The French government presented, on Monday 28 September, its draft budget plan for 2021 focused on economic recovery to overcome the Covid-19 pandemic. The objective is to invest massively in the green transition and strengthen competitiveness, in order to return to pre-crisis activity levels by 2022.
With the €100 billion France Relance investment plan, including €37.4 billion from the European Recovery Plan (see EUROPE 12562/12), Paris expects national GDP to rebound by 8% next year, after a historic contraction expected to be around 10% of GDP in 2020.

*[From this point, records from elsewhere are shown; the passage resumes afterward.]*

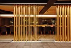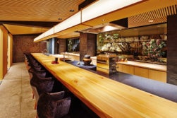 天下の台所、大阪の中心地に位置しながら、都市の喧騒から切り離された静けさを追求した割烹。カウンター正面には城壁を想起させる石垣、四季の草花、小滝と小川を配し、伝統的日本庭園の情景を室内に再解釈しました。内装には日本の伝統素材を随所に用い、日本の美意識への敬意を空間全体で表現しています。※現在は閉業。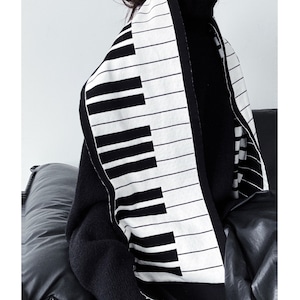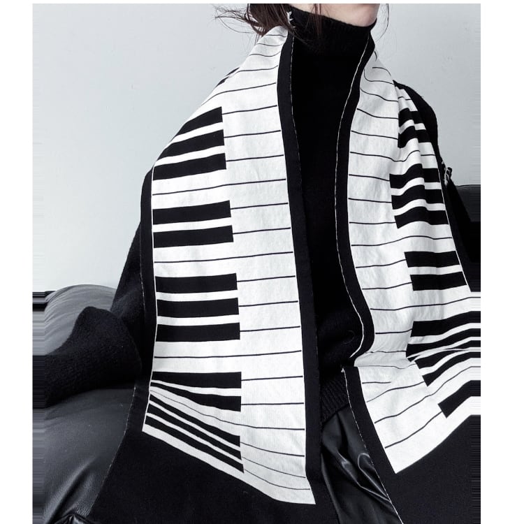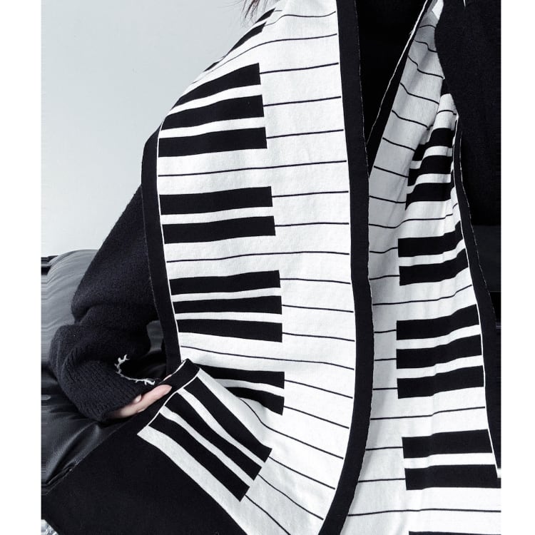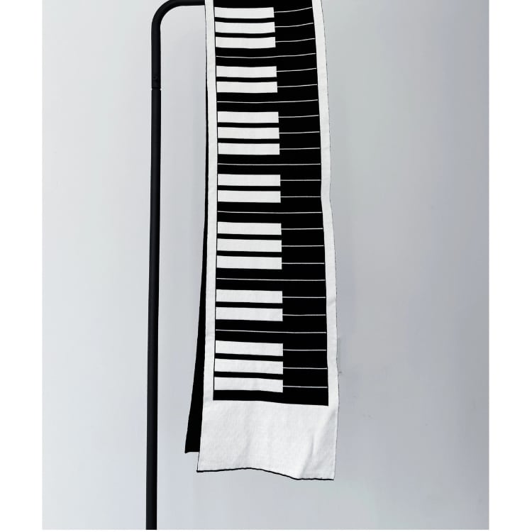 ピアノの鍵盤をモチーフにしたグラフィカルなジャガードニットマフラー。
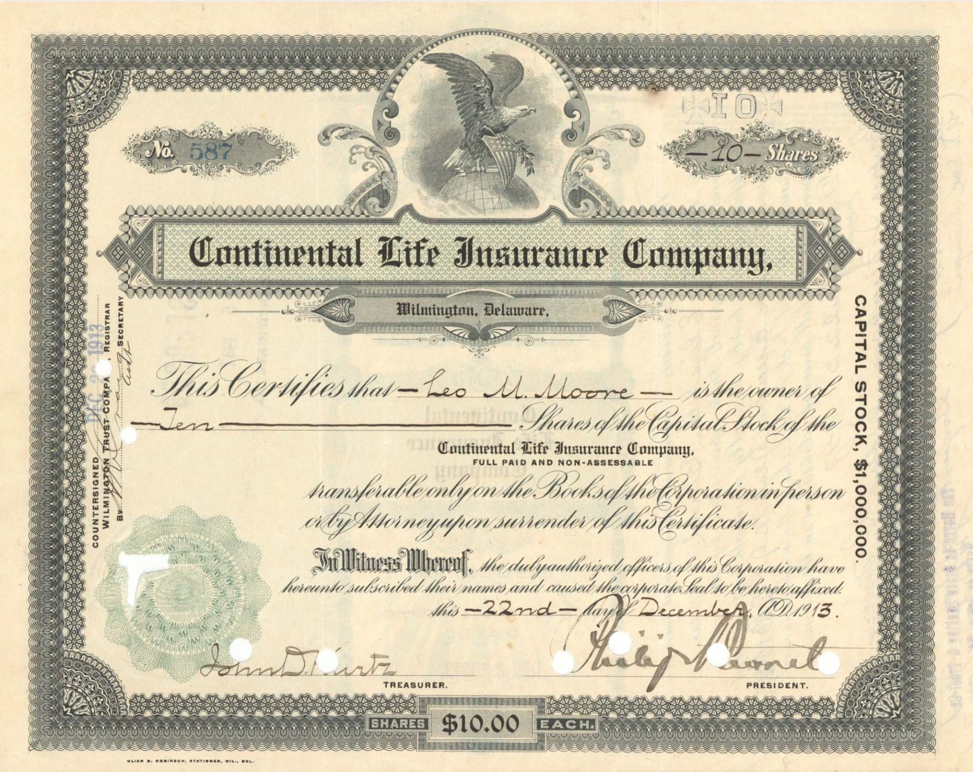 Continental Life Insurance Co. - 1913 dated Stock Certificate

The French plan provides for a €30 billion investment effort in favour of the environment: energy renovation of public and private buildings, decarbonisation of industry, agroecological transition, development of the green hydrogen sector, growth of the circular economy, green mobility, etc.
“The finance bill presents the environmental impact of all budgetary and fiscal expenditures. France has therefore become the first country in the world to present a green budget”, Finance Minister Bruno Le Maire was pleased to announce.
Maintaining the trajectory of a lasting reduction in taxes and social security contributions, the French government will cut corporate production taxes by €10 billion. The phasing out of the housing tax on principal residences and the gradual reduction in the corporate tax rate will continue.
After flirting once again with the 3% of GDP threshold in 2019, the French public deficit will rise sharply again in 2020, to 10% of GDP, with the increase in public spending and the fall in tax revenues due to the health crisis. In 2021, the French deficit would gradually be reduced to -6.7% of GDP. Stabilised at 98.1% of GDP in 2018 and 2019, the public debt will rise sharply to reach 117.5% of GDP in 2020 and will start a slow decline as early as 2021 to reach 116.2%.